**INSTRUCTIONS TO FOLLOW**
Only the lines of the listing below that run from the line with "Initial setting gauge block" through the line with "G OD RESTED" are to be set down, word for word. Pictures stay out.

**INPUT MATERIAL**
━━━━━━
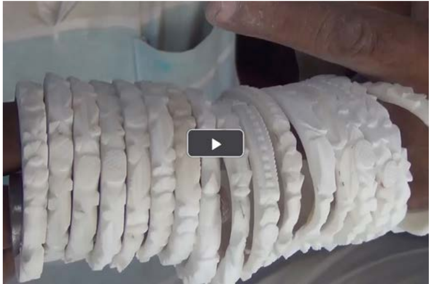
Conch Shell Bangles - Kolkata
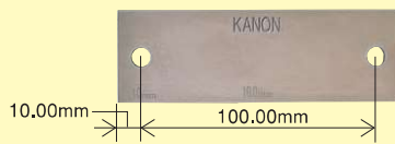
Initial setting gauge block
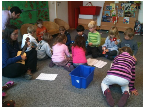
Grade I and EC5 preparing for their concerts

Finally one question asked what role concerts play in a child's education at BBIS. One parent responded very eloquently so I am including their whole response:
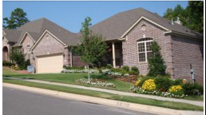
Meadows Edge 2904 Sweetgrass Drive
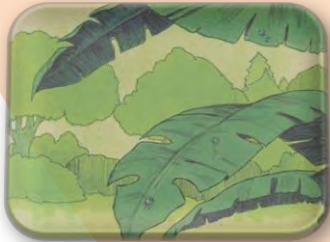
G OD RESTED

Place the pictures from the story of creation in order by entering the red letter from each picture in the correct sequence blocks below.
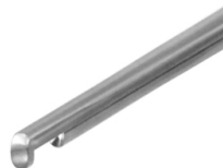
Small-Handle Punch, 200x3mm, 90° down-angled
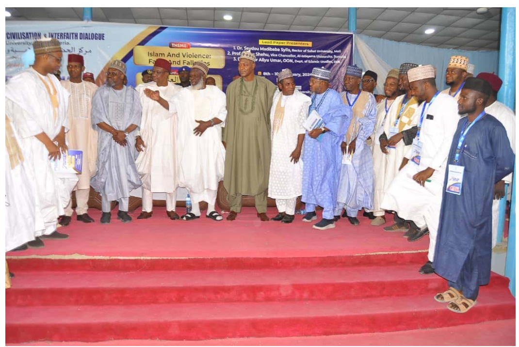
A GROUP PICTURE AT THE OPEING CEREMONY
━━━━━━
**SOLVED EXERCISE**
Initial setting gauge block
Grade I and EC5 preparing for their concerts

Finally one question asked what role concerts play in a child's education at BBIS. One parent responded very eloquently so I am including their whole response:
Meadows Edge 2904 Sweetgrass Drive
G OD RESTED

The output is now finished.